## Your instructions
Where the records below show a line containing "В число тысячи", start copying; end with the line containing "帰路で最後のトイレ休憩を終え", and copy it too.

Items listed in a dataset:
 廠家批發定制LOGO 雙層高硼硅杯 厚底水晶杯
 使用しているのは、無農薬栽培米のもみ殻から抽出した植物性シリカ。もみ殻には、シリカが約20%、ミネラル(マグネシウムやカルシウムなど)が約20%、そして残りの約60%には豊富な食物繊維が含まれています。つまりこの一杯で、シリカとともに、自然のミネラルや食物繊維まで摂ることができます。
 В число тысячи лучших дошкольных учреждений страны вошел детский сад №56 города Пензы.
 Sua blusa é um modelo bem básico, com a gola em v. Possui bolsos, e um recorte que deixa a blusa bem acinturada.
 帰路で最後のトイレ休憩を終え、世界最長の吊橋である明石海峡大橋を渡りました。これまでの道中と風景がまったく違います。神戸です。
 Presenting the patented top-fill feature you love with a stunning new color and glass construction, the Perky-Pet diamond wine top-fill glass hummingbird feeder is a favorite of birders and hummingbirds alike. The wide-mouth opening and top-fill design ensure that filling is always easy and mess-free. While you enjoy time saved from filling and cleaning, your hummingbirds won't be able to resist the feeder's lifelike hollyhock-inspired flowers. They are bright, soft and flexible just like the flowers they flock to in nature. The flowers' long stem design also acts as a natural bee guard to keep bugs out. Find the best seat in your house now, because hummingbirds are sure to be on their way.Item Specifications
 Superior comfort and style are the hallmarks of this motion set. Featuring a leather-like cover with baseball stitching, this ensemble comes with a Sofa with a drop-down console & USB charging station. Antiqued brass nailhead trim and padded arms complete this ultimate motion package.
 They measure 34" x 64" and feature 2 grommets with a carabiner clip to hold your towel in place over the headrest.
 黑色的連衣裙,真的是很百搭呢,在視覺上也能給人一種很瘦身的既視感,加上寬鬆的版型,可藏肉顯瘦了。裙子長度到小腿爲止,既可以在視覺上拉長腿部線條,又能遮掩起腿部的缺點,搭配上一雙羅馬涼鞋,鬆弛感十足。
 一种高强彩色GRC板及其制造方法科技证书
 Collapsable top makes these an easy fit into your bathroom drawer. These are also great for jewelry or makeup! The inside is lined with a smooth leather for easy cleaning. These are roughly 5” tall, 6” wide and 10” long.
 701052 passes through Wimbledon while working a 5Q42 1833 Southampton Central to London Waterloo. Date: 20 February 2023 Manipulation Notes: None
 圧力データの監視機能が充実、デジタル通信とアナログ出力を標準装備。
...
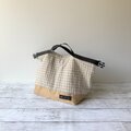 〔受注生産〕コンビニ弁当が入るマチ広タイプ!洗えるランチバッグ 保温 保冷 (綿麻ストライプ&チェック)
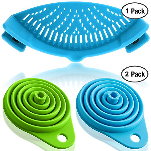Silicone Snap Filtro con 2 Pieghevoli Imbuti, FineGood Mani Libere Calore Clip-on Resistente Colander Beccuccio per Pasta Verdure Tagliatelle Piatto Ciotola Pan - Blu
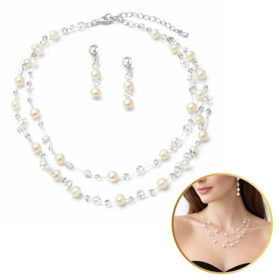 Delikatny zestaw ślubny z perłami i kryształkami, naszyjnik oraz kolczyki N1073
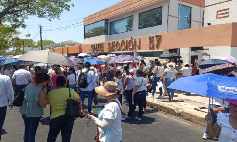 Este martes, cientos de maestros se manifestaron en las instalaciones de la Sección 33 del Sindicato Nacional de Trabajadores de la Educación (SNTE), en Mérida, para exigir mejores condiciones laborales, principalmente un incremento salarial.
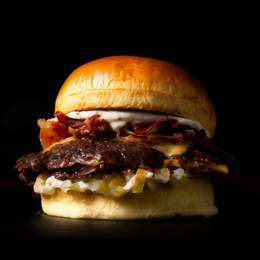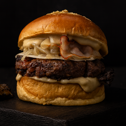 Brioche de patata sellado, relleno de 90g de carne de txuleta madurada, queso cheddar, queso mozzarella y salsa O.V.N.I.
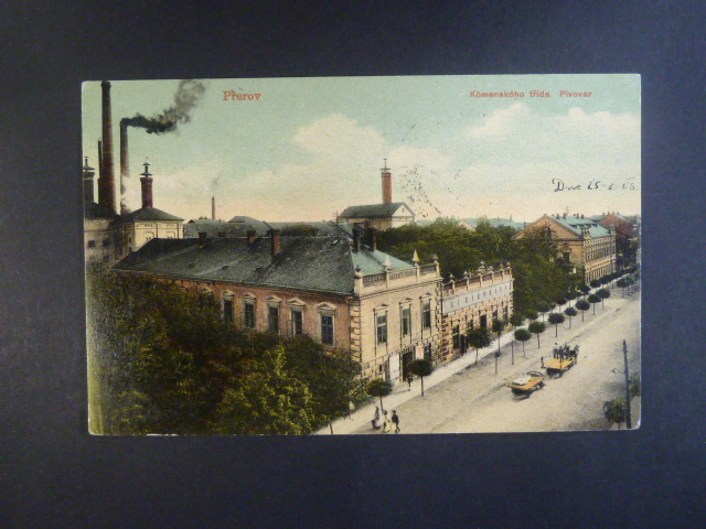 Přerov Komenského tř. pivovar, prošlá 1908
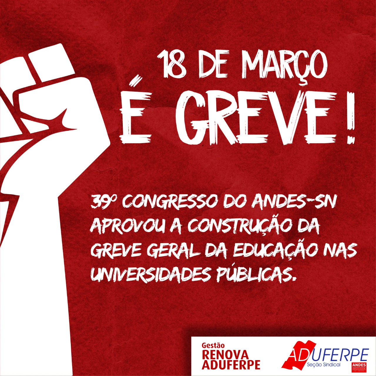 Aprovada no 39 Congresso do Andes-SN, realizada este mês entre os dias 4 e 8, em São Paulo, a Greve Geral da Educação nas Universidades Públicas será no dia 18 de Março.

## Expected answer
 В число тысячи лучших дошкольных учреждений страны вошел детский сад №56 города Пензы.
 Sua blusa é um modelo bem básico, com a gola em v. Possui bolsos, e um recorte que deixa a blusa bem acinturada.
 帰路で最後のトイレ休憩を終え、世界最長の吊橋である明石海峡大橋を渡りました。これまでの道中と風景がまったく違います。神戸です。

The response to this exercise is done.